§ **Data**
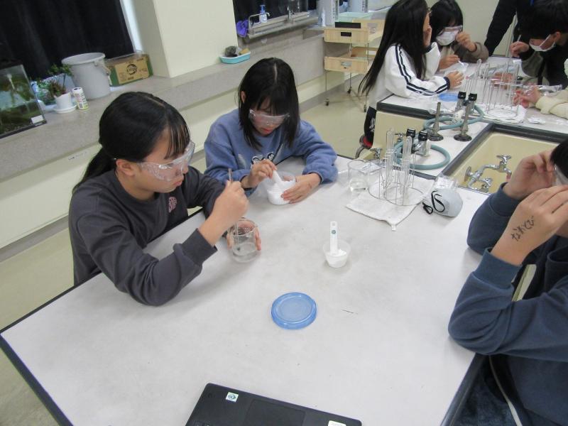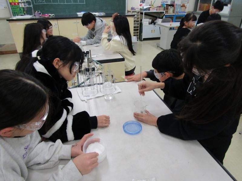 物の溶け方の実験です。保護メガネを着用しています。
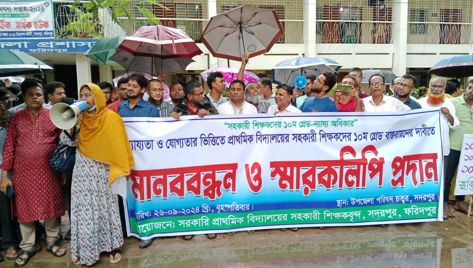 সদরপুরে প্রাথমিক সহকারী শিক্ষকদের দশম গ্রেডে বেতন ভাতা বাস্তবায়নের দাবিতে বৈরী আবহাওয়া উপেক্ষা করে মানববন্ধন
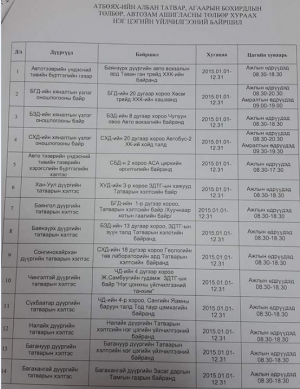 Захирамжийн дагуу нэг, хоёрдугаар сард оношилгоонд орох байсан 1, 2, 6, 7-ын цифрээр төгссөн улсын дугаартай машинууд энэ сарын үлдсэн хоногууд болон гуравдугаар сардаа багтаж оношлогоонд хамрагдах ёстой аж. Авто тээврийн болон өөрөө явагч хэрэгслийн албан татвар, агаарын бохирдлын төлбөр, автозам ашигласны төлбөр хураах нэг цэгийн үйлчилгээний байршлын мэдээллийн хүргэж байна.

§ **Work task**
What you return must match the data above exactly, with no images included.

§ **Your solution**
 物の溶け方の実験です。保護メガネを着用しています。
 সদরপুরে প্রাথমিক সহকারী শিক্ষকদের দশম গ্রেডে বেতন ভাতা বাস্তবায়নের দাবিতে বৈরী আবহাওয়া উপেক্ষা করে মানববন্ধন
 Захирамжийн дагуу нэг, хоёрдугаар сард оношилгоонд орох байсан 1, 2, 6, 7-ын цифрээр төгссөн улсын дугаартай машинууд энэ сарын үлдсэн хоногууд болон гуравдугаар сардаа багтаж оношлогоонд хамрагдах ёстой аж. Авто тээврийн болон өөрөө явагч хэрэгслийн албан татвар, агаарын бохирдлын төлбөр, автозам ашигласны төлбөр хураах нэг цэгийн үйлчилгээний байршлын мэдээллийн хүргэж байна.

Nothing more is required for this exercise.